ConvertPdfToImage
Description
Converts a PDF file into a series of images, one for each page.
Tags
image, jpeg, jpg, ocr, pdf, png, tesseract
Properties
In the list below required Properties are shown with an asterisk (*). Other properties are considered optional. The table also indicates any default values, and whether a property supports the NiFi Expression Language.

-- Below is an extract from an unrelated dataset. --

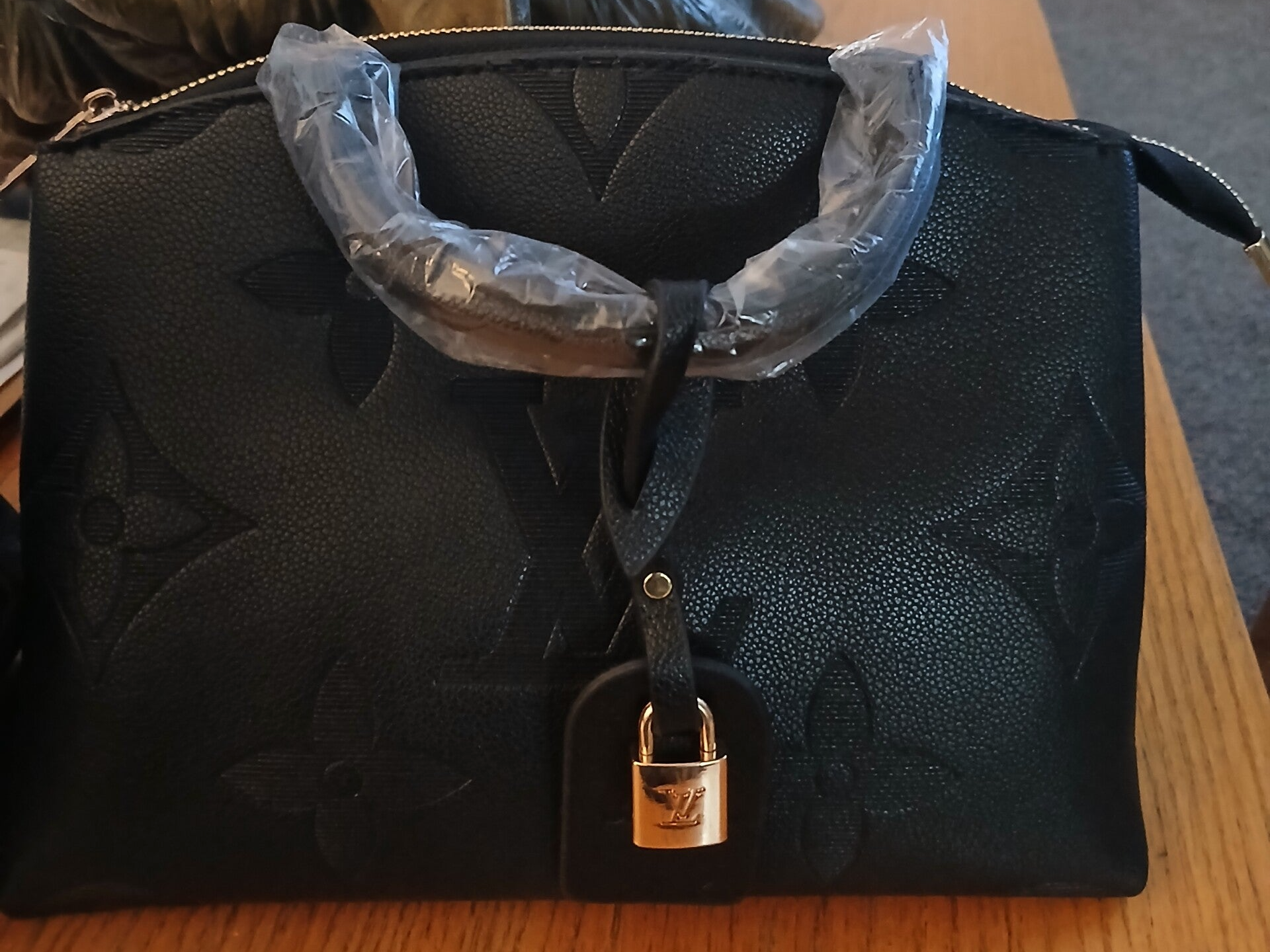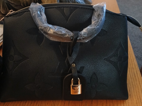 Designer LV Black Embossed Leather Handbag

Display Name | API Name | Default Value | Allowable Values | Description |
---|---|---|---|---|
Output Format * | Output Format | PNG |
| The format to use when writing the image. |
Output Image Type * | Output Image Type | Color |
| The type of image to use when writing the image. |
Max File Size * | Max File Size | 10 MB | Because the entire contents of the PDF file must be loaded into memory in order to parse it, this property is used to limit the size of the PDF file that can be processed. If a PDF file is larger than this value, it will be routed to failure. | |
Dots Per Inch * | Dots Per Inch | 144 | The Dots Per Inch (DPI) to use when rendering the image. Larger values can result in higher quality images, but also larger file sizes and slower processing. Supports Expression Language, using FlowFile attributes and Environment variables. | |
Max Page Size in Inches | Max Page Size in Inches | 11.0 | The maximum width/height of the image in inches. If the image is larger than this value, it will be scaled down to fit within this width. Using this property in conjunction with the Dots Per Inch property can help to control the size of the resulting image, ensuring that memory usage and processing time are kept in check. The default value of 11.0 allows for a standard page size of 8.5 x 11. The size is applied to the larger of the page's width or height. |
Dynamic Properties
This component does not support dynamic properties.
Relationships
Name | Description |
---|---|
failure | If a FlowFile cannot be converted into an image for any reason, it will be routed to this relationship. |
images | The resulting images are routed to the success relationship. |
original | The original PDF file is routed to this relationship when processing is successful. |
Reads Attributes
This processor does not read attributes.
Writes Attributes
Name | Description |
---|---|
image.height.original.inches | The height of the image in inches before scaling to the configured maximum size. |
image.height.pixels | The height of the image in pixels. |
image.height.scaled.inches | The height of the image in inches after scaling to the configured maximum size. |
image.width.original.inches | The width of the image in inches before scaling to the configured maximum size. |
image.width.pixels | The width of the image in pixels. |
image.width.scaled.inches | The width of the image in inches after scaling to the configured maximum size. |
pageNumber | The page number in the PDF Document that the image represents, with the first page having a value of 1. |
State Management
This component does not store state.
Restricted
This component is not restricted.
Input Requirement
This component requires an incoming relationship.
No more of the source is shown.